■ **ACTIVITY**: Among the entries below, find the line with "25.(7分)某同学将一两端", then quote it and each following line up to and including the line with "- Transferring the", and nothing else.

■ **MATERIAL SHOWN**:
○ ○ ○

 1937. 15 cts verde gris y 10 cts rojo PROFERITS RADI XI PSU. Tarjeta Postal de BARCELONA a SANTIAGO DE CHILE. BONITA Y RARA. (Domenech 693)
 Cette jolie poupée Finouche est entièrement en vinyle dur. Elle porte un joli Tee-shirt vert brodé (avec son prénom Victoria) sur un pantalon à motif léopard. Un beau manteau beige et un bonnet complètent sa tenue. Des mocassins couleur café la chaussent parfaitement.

○ ○ ○

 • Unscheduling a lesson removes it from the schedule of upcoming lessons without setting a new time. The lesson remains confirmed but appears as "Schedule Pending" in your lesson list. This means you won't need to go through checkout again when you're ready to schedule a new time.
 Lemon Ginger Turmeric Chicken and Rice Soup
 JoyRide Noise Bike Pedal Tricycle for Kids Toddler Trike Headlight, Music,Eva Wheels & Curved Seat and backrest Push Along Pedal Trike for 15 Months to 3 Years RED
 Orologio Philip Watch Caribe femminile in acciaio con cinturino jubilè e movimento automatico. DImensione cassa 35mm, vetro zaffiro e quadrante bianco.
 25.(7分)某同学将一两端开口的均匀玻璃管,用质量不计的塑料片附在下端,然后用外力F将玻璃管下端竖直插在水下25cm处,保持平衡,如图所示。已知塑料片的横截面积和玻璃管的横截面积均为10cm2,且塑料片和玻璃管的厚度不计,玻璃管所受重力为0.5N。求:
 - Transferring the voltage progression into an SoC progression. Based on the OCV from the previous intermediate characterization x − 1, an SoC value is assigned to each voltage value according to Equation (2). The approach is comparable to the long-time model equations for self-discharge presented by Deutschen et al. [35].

○ ○ ○

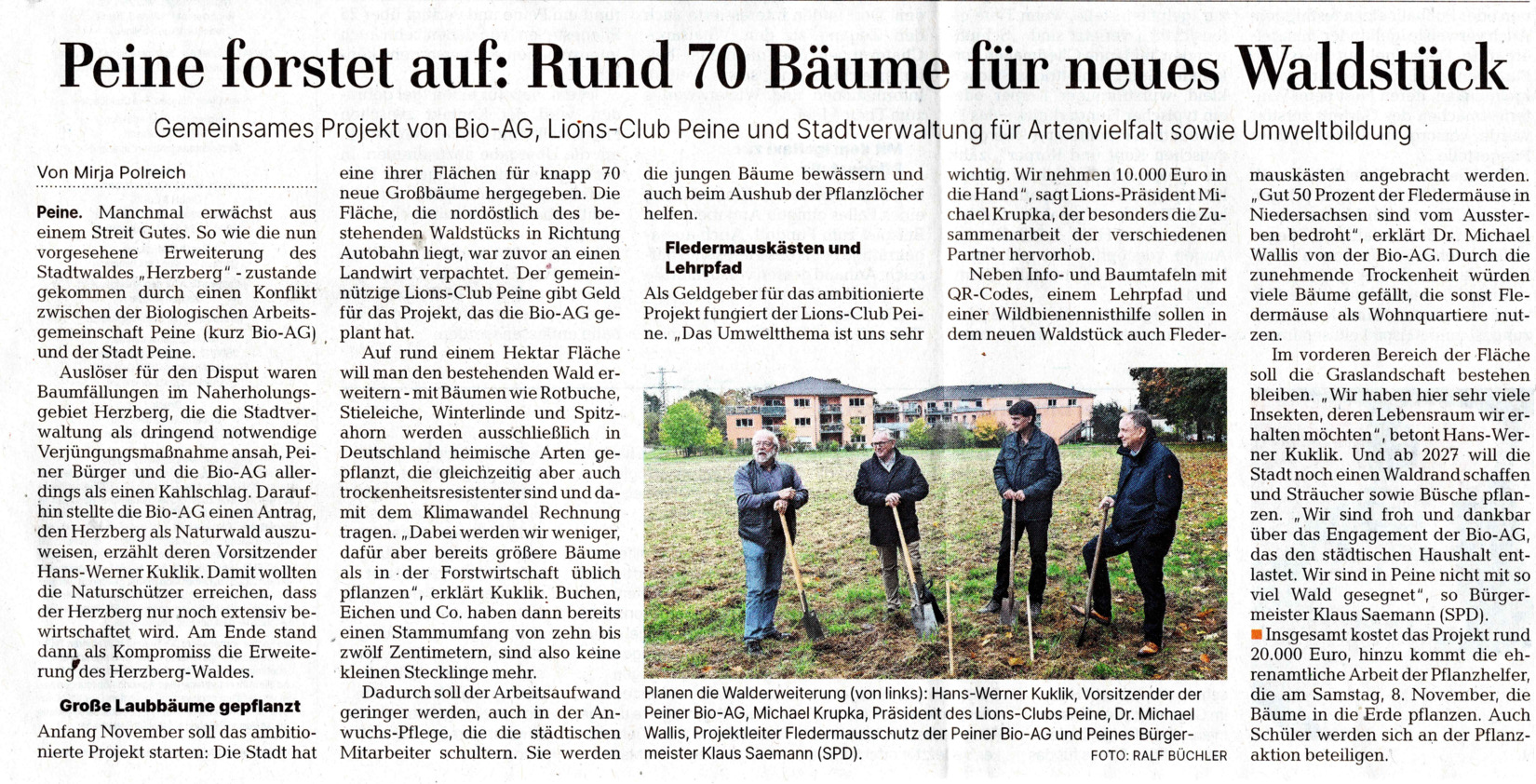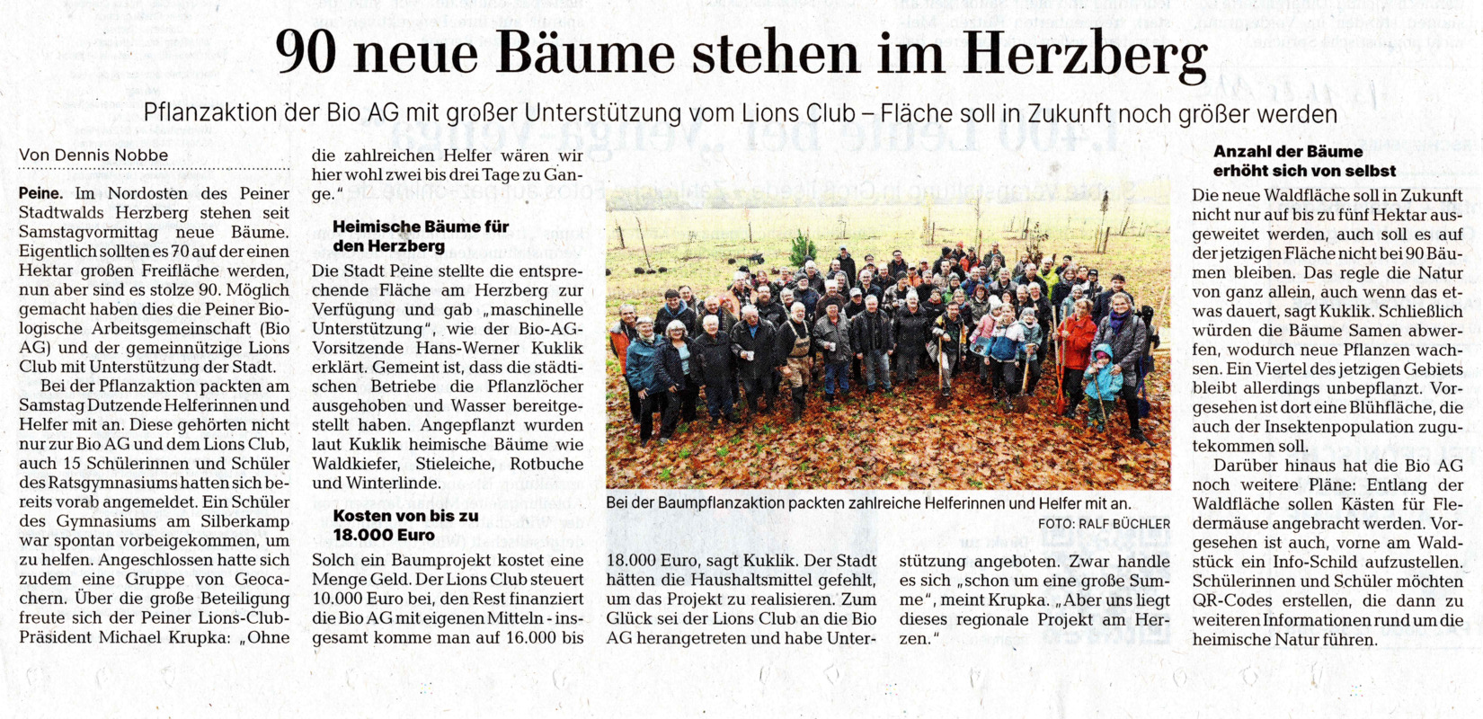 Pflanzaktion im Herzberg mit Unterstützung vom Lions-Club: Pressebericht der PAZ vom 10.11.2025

○ ○ ○

■ **WRITTEN REPLY**:
 25.(7分)某同学将一两端开口的均匀玻璃管,用质量不计的塑料片附在下端,然后用外力F将玻璃管下端竖直插在水下25cm处,保持平衡,如图所示。已知塑料片的横截面积和玻璃管的横截面积均为10cm2,且塑料片和玻璃管的厚度不计,玻璃管所受重力为0.5N。求:
 - Transferring the voltage progression into an SoC progression. Based on the OCV from the previous intermediate characterization x − 1, an SoC value is assigned to each voltage value according to Equation (2). The approach is comparable to the long-time model equations for self-discharge presented by Deutschen et al. [35].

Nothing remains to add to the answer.